** Opening Exercise data block **

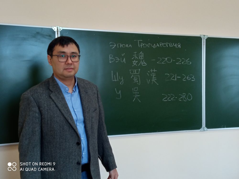 2 февраля в 302 аудитории 6 корпуса КалмГУ состоялось открытое занятие доцента кафедры иностранных языков, межкультурной коммуникации и регионоведения, к.и.н. Кукеева Д.Г. по дисциплине «История страны региона специализации». Слушателями были обучающиеся 2 курса направления 41.03.01 Зарубежное регионоведение на тему «Эпоха Троецарствия». Помимо студентов на лекции также присутствовали заведующий кафедрой «Иностранных языков, межкультурной коммуникации и регионоведения» к.фил.н. Турдуматова Э.Б., к.и.н. Надбитов Р.К. и Джимбеева Г.А.
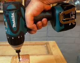 Переключение между режимами осуществляется очень быстро и удобно. Шуруповёрт является полностью мобильным: он оборудован очень качественной аккумуляторной батареей типа Li-lon ёмкостью 3,0 Ач. На выходе он выдаёт напряжение 14,4 В, полностью заряжается всего за 60 минут. АКБ прямоугольной формы удобно крепится к нижней части рукоятки, и служит для балансировки всей конструкции. В любой момент батарея может быть отсоединена с помощью нажатия всего на одну кнопку.
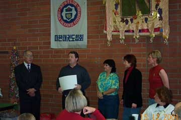![]() Grandmaster Kim and Master Steinhauser presented certificates to Ms. Fallaha, Ms. Tallen, and Mrs. Encalada. |
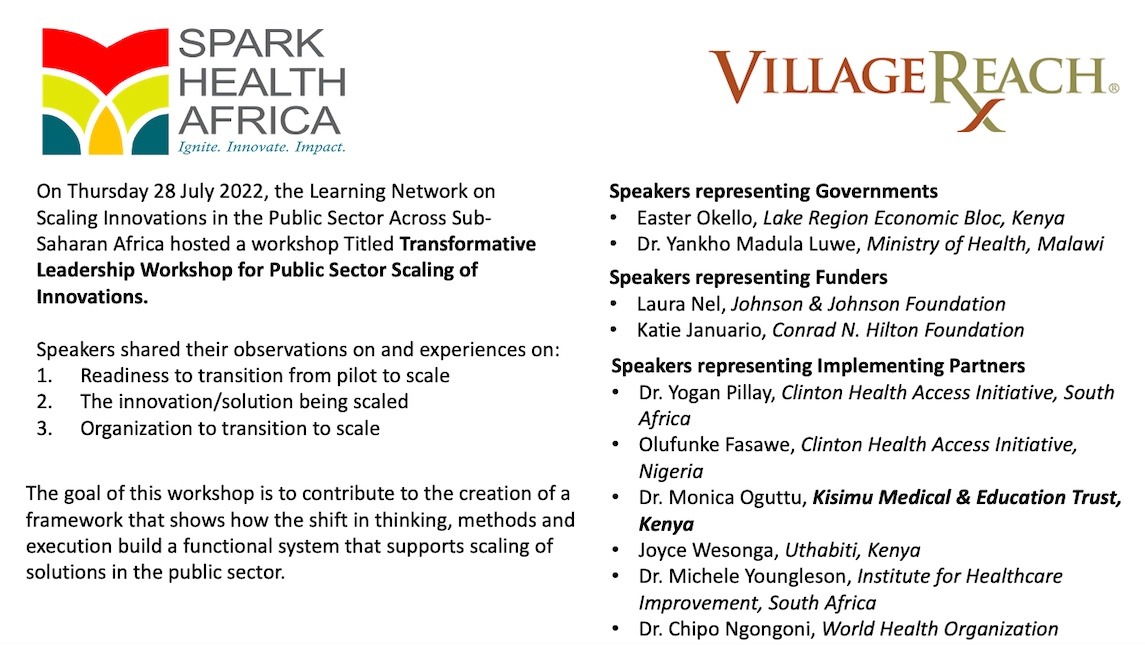 2. Spark Health Africa ran a workshop on ‘Transformative Leadership for Public Sector Scaling of Innovations’
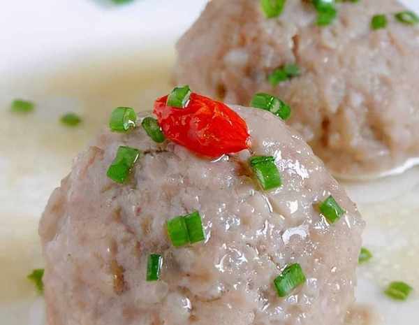 2.醃制好的肉糜加入生薑末、蔥白末,加入胡蘿卜末和幹香菇末拌勻,分次加入少許水淀粉攪拌至上勁,依次做成小肉丸,放在盤中。
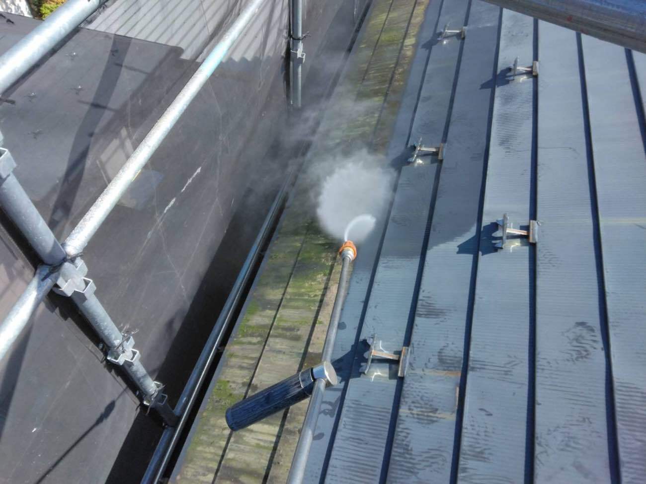 次はスノーストップ脱着後、高圧洗浄でしっかり表面の汚れやカビ、劣化塗膜を徹底的に除去していきます!
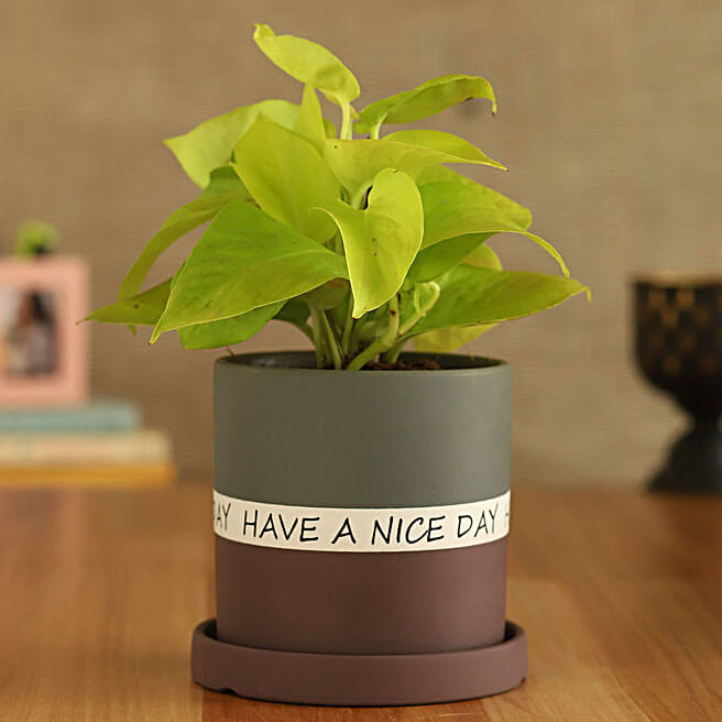 Have A Nice Day Money Plant in Purple Plate Pot

** Closing Exercise data block **

◆ **Problem to solve**:
Return only the lines that start at the line containing "2. Spark Health" and finish at the last line of the entries, exactly as written and without pictures.

◆ **Answer below**:
 2. Spark Health Africa ran a workshop on ‘Transformative Leadership for Public Sector Scaling of Innovations’
 2.醃制好的肉糜加入生薑末、蔥白末,加入胡蘿卜末和幹香菇末拌勻,分次加入少許水淀粉攪拌至上勁,依次做成小肉丸,放在盤中。
 次はスノーストップ脱着後、高圧洗浄でしっかり表面の汚れやカビ、劣化塗膜を徹底的に除去していきます!
 Have A Nice Day Money Plant in Purple Plate Pot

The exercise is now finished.